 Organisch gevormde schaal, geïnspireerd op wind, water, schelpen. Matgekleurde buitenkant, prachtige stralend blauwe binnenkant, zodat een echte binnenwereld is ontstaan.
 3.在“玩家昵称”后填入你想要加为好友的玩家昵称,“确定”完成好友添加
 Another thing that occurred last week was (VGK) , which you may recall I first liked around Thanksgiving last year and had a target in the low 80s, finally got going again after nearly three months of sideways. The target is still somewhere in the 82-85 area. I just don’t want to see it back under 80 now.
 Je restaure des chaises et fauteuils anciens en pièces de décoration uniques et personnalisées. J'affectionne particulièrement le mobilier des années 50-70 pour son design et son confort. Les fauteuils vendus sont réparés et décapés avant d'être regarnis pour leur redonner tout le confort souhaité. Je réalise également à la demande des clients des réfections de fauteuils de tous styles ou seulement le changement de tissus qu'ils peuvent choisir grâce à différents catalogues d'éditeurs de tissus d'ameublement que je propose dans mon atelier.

▬▬▬▬▬▬

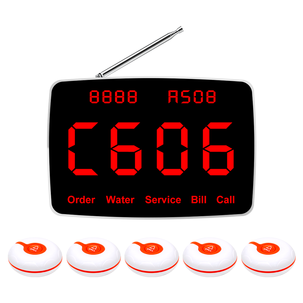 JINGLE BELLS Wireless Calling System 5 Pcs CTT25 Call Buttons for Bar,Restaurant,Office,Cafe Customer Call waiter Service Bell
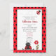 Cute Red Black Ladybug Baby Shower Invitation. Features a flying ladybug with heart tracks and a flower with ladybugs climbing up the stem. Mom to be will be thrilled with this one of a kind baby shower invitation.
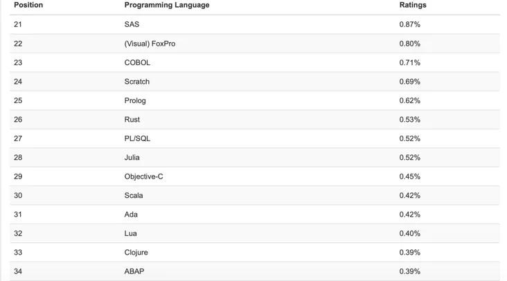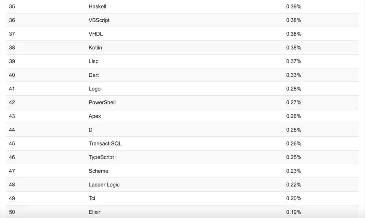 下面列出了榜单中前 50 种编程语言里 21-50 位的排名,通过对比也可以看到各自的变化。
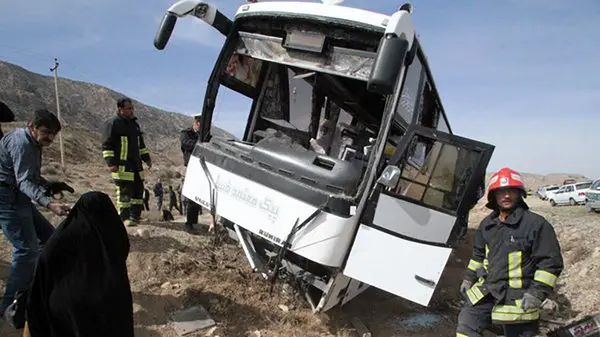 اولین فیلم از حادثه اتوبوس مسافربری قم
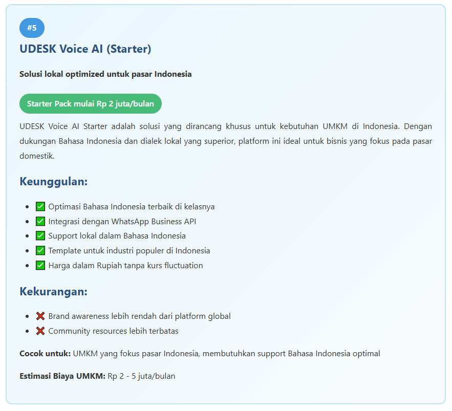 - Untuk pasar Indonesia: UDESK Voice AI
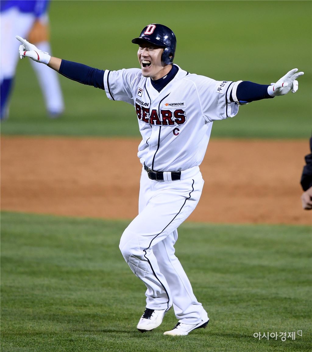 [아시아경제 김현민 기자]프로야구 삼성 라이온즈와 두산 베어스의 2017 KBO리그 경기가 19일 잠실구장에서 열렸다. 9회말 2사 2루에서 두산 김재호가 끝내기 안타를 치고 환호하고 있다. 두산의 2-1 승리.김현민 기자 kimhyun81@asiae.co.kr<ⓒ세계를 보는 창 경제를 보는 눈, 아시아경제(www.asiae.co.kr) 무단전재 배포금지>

▬▬▬▬▬▬

Between and including the line with "- Untuk pasar Indonesia: UDESK Voice AI" and the line with "[아시아경제 김현민 기자]프로야구", repeat every line exactly as it appears above, with pictures left out.

 - Untuk pasar Indonesia: UDESK Voice AI
 [아시아경제 김현민 기자]프로야구 삼성 라이온즈와 두산 베어스의 2017 KBO리그 경기가 19일 잠실구장에서 열렸다. 9회말 2사 2루에서 두산 김재호가 끝내기 안타를 치고 환호하고 있다. 두산의 2-1 승리.김현민 기자 kimhyun81@asiae.co.kr<ⓒ세계를 보는 창 경제를 보는 눈, 아시아경제(www.asiae.co.kr) 무단전재 배포금지>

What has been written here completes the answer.